■ SOURCE MATERIAL ■
==============================

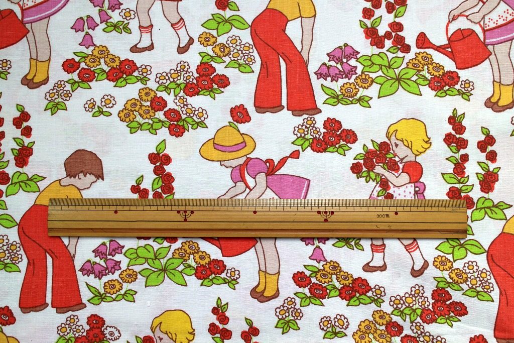 2. 可愛い水やり少女柄(レッド系) サイズ: 38cm x 54cm
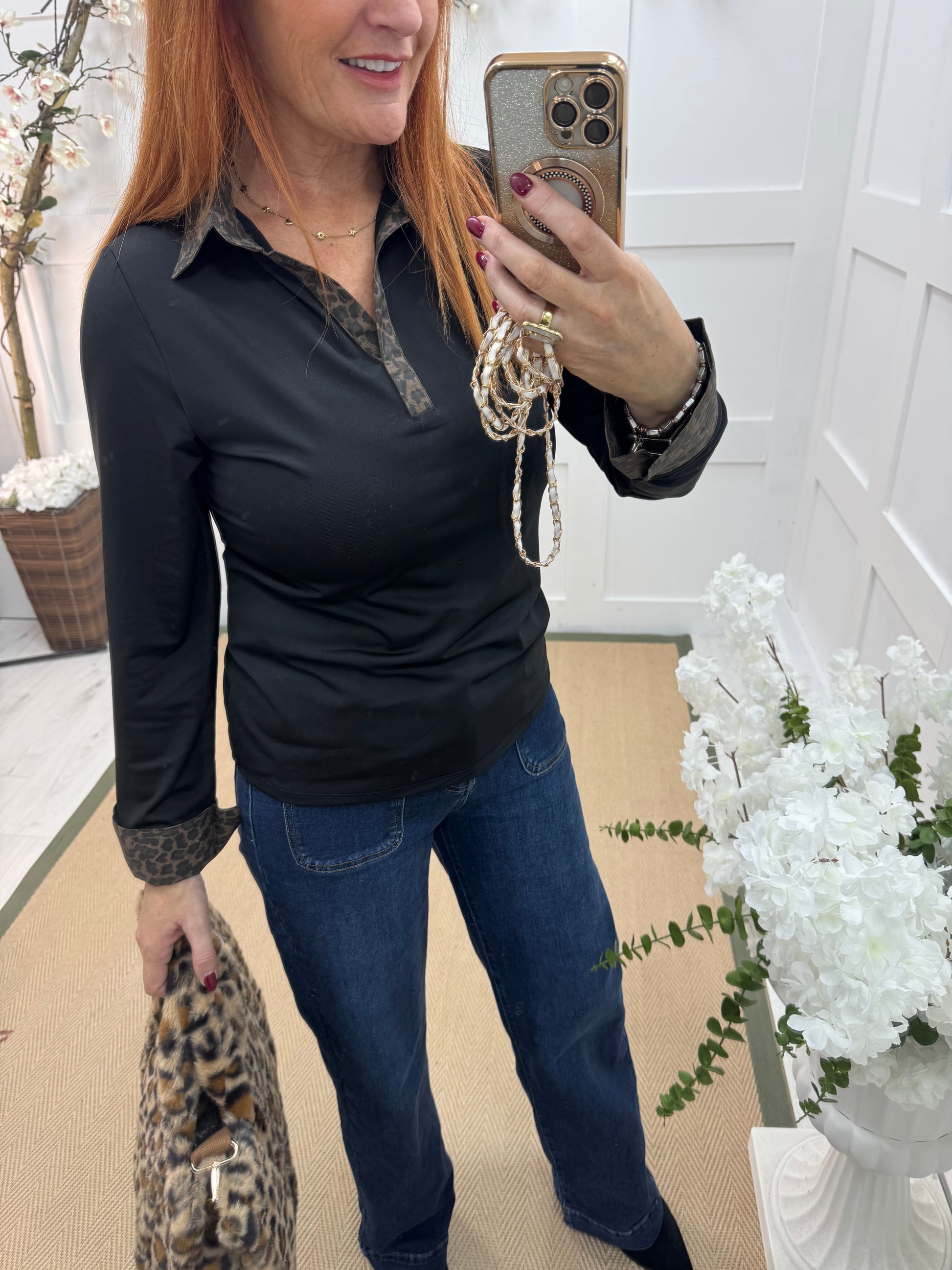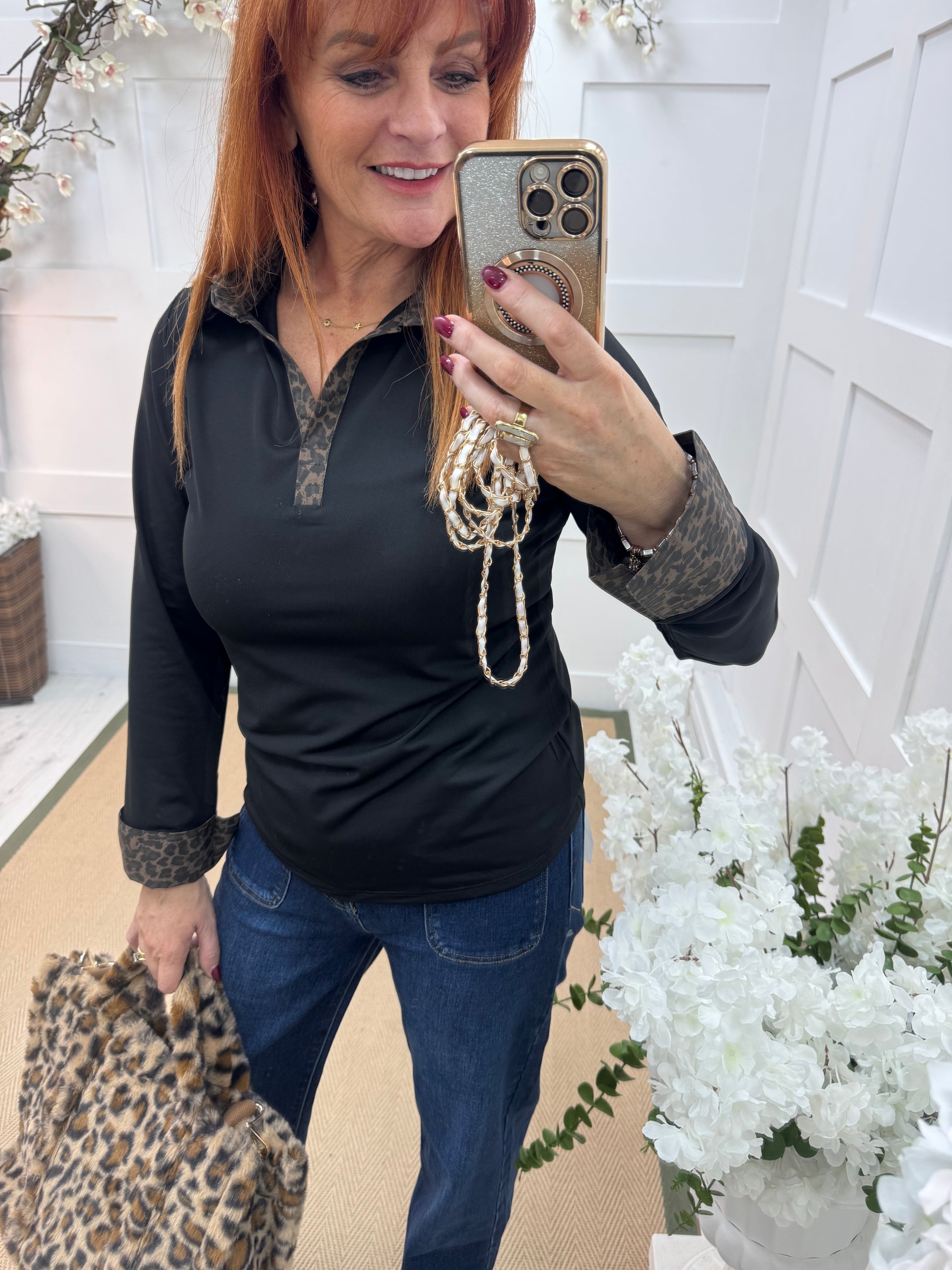 Layla: Leopard & black cotton layering shirt. 4 sizes
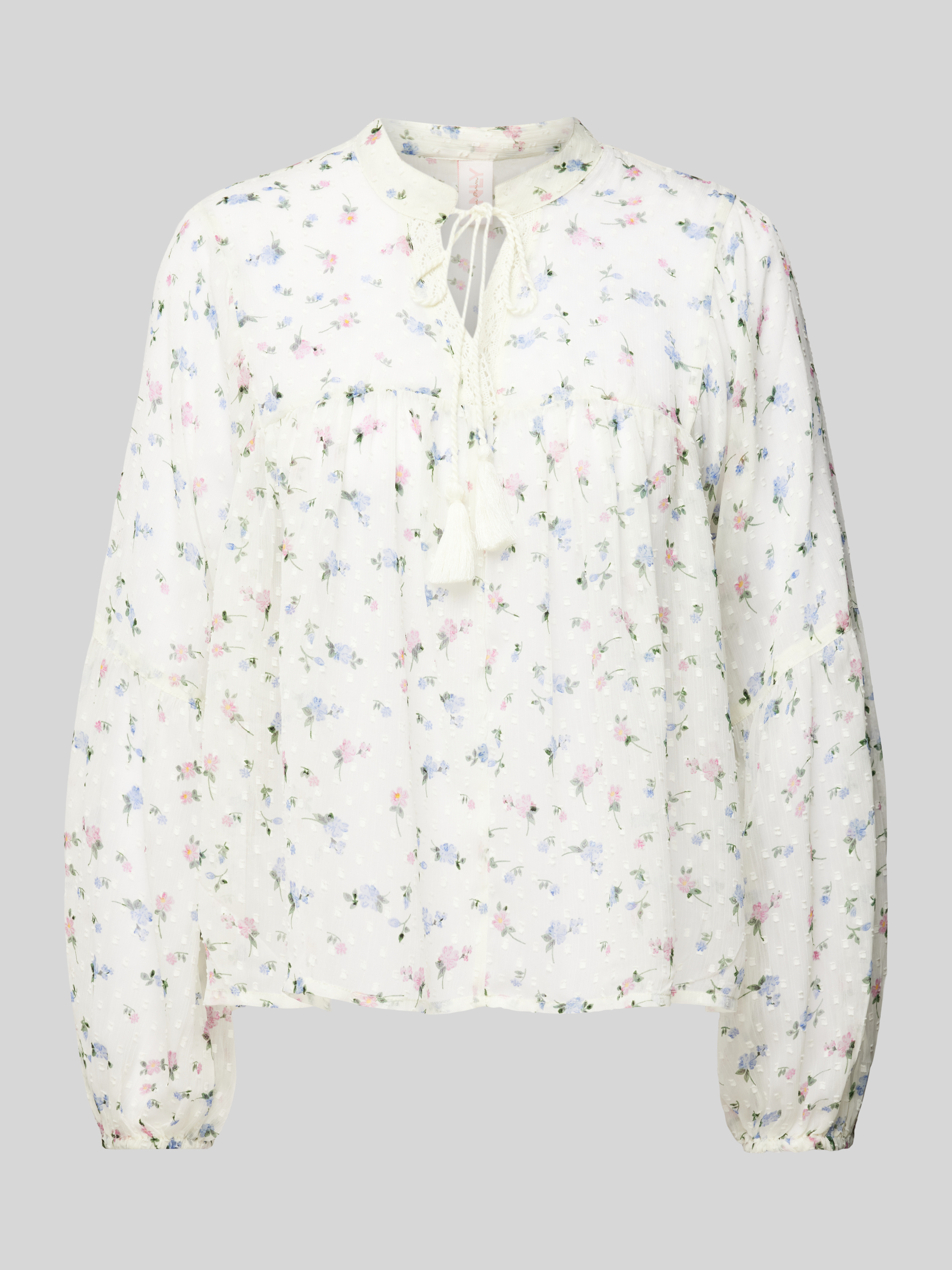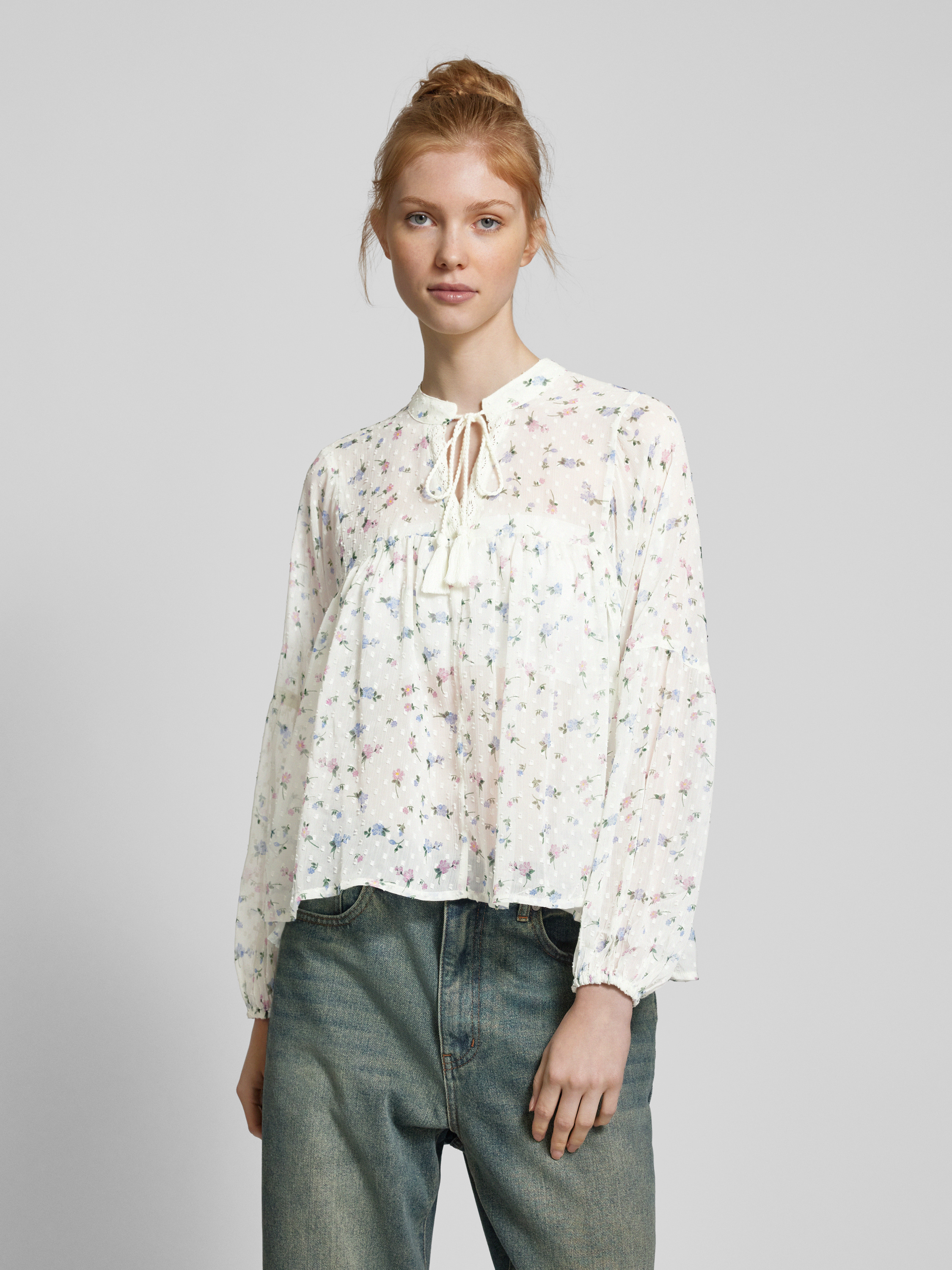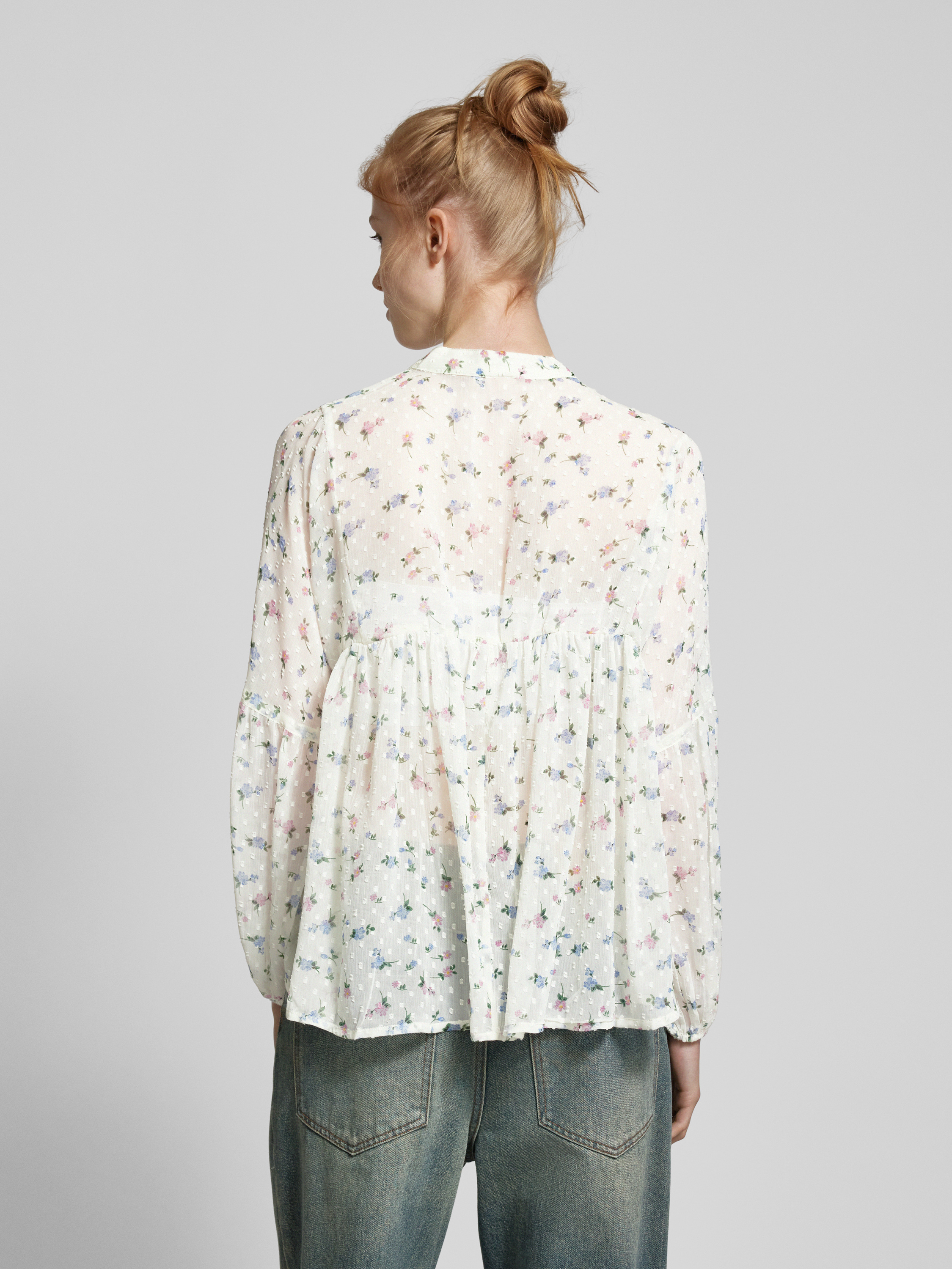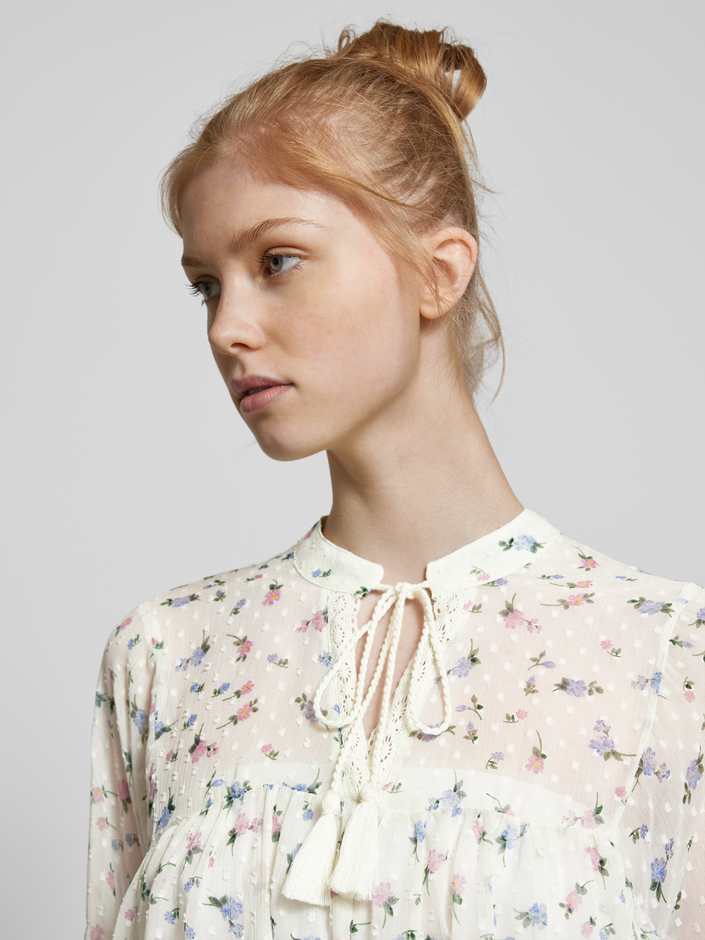 Blouse met druppelvormige hals, model 'AIDA ELISA' in ecru

==============================

■ WORK TASK ■
Retype the data word for word and keep the pictures out of it.

■ ANSWER BOX ■
 2. 可愛い水やり少女柄(レッド系) サイズ: 38cm x 54cm
 Layla: Leopard & black cotton layering shirt. 4 sizes
 Blouse met druppelvormige hals, model 'AIDA ELISA' in ecru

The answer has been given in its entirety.